皮膚科専門医の勉強ブログ

日々の勉強の記録

合成吸収糸の種類と違い

 手術の時に使用する吸収糸にはいろいろな種類があります。

しかしそれぞれの特徴について解説してある教科書は少ないため、張力維持期間についてまとめてみました。

(張力維持期間以外にも、モノフィラメントか撚糸かという違いもあります)

【張力維持期間】

・バイクリルラピッド:5日
・モノクリル:1週間
・バイクリル:4週間
・PDS:6週間

 「ERでの創治療」より

 

バイクリルラピッドやモノクリルは短く、PDSは長いのが分かると思います。

消化管などの治癒の早い臓器の縫合では短期間だけ張力を維持できればよいので、バイクリルラピッドやモノクリルが使用されます。

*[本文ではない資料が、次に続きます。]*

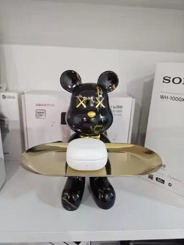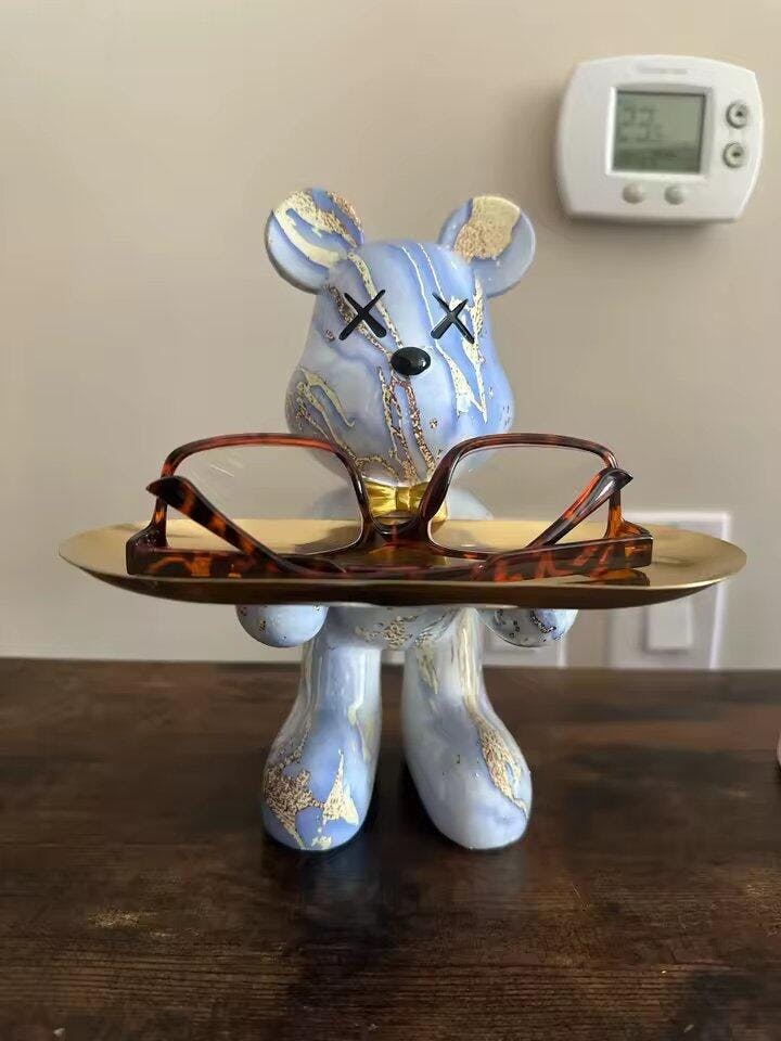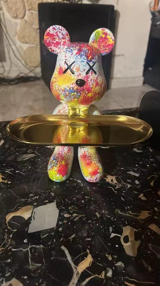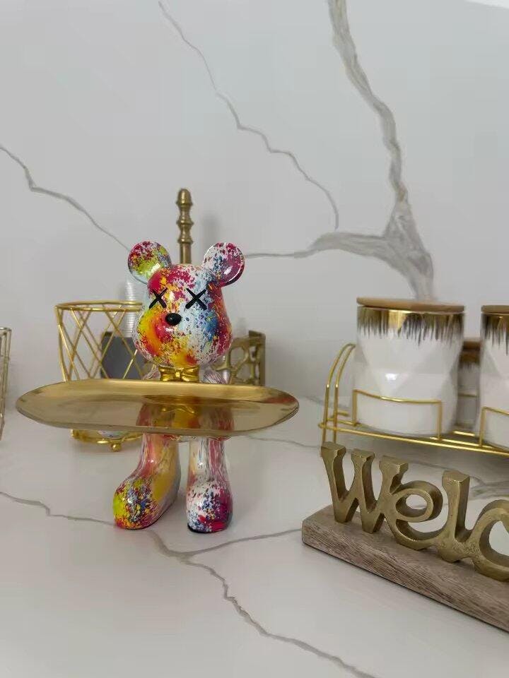 Estatueta Decorativa de Urso Graffiti com Bandeja Luxuosa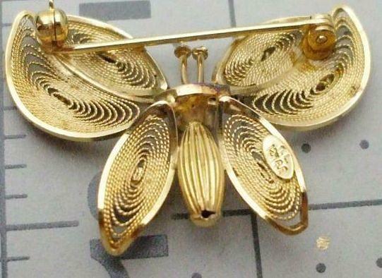 Винтажная брошь. Бабочка 4,0 см.. Маркирована K.L. 12K GOLD. Позолота 12к, жемчужина.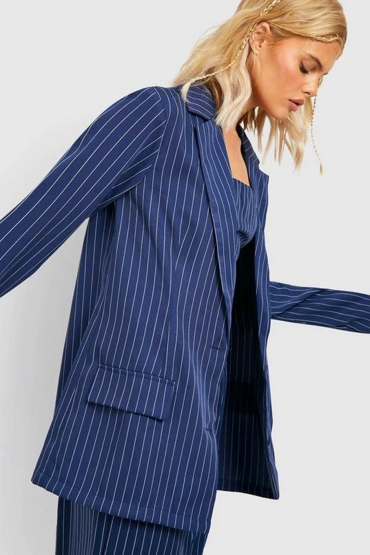 BOOHOO Pinstripe Relaxed Fit Tailored Blazer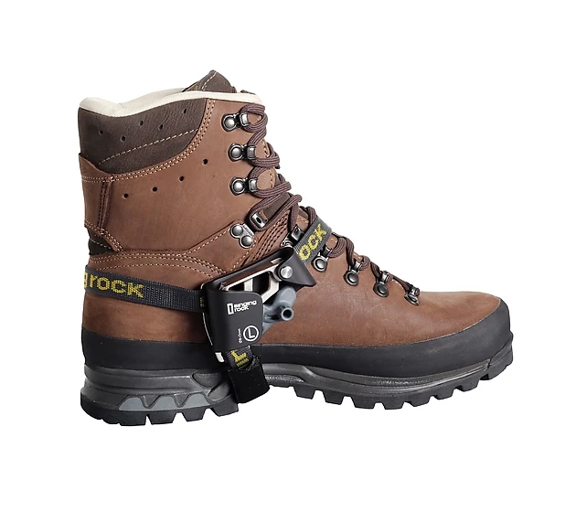 - Disponible tanto para el pie derecho como para el pie izquierdo, este dispositivo se usa junto con el bloqueador ventral y un puño bloqueador. Su diseño está pensado para cuerdas dinámicas y semiestáticas de 8-13 mm de diámetro.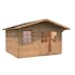 En ny stuga Caroline med modernt utseende. Stugan har utvändiga fönsterluckor som glider på två metallskenor och som kan skjutas för fönstren och skydda mot insyn eller ett besvärande solsken. Perfekt som gäststuga eller för sommarfester.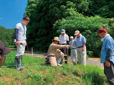 地域住民と一緒に集落環境診断を実施。集落内を歩きながら鳥獣に狙われているポイントを調べ、ワークショップで対策を検討する。

一方、真皮縫合では張力を長く維持する必要があるためPDSが使用されています。

 

それでは実際に、真皮縫合で使う糸の種類によって結果は変わるのでしょうか。

術後の肥厚性瘢痕の発症率を調べた報告があります。

Acta Derm Venereol. 80(5): 344, 2000

【肥厚性瘢痕発症率(皮膚腫瘍切除後)】

・バイクリル:31%
・PDS:8%

(p<0.0001)

 

やはりバイクリルよりもPDSの方が効果が高かったようです。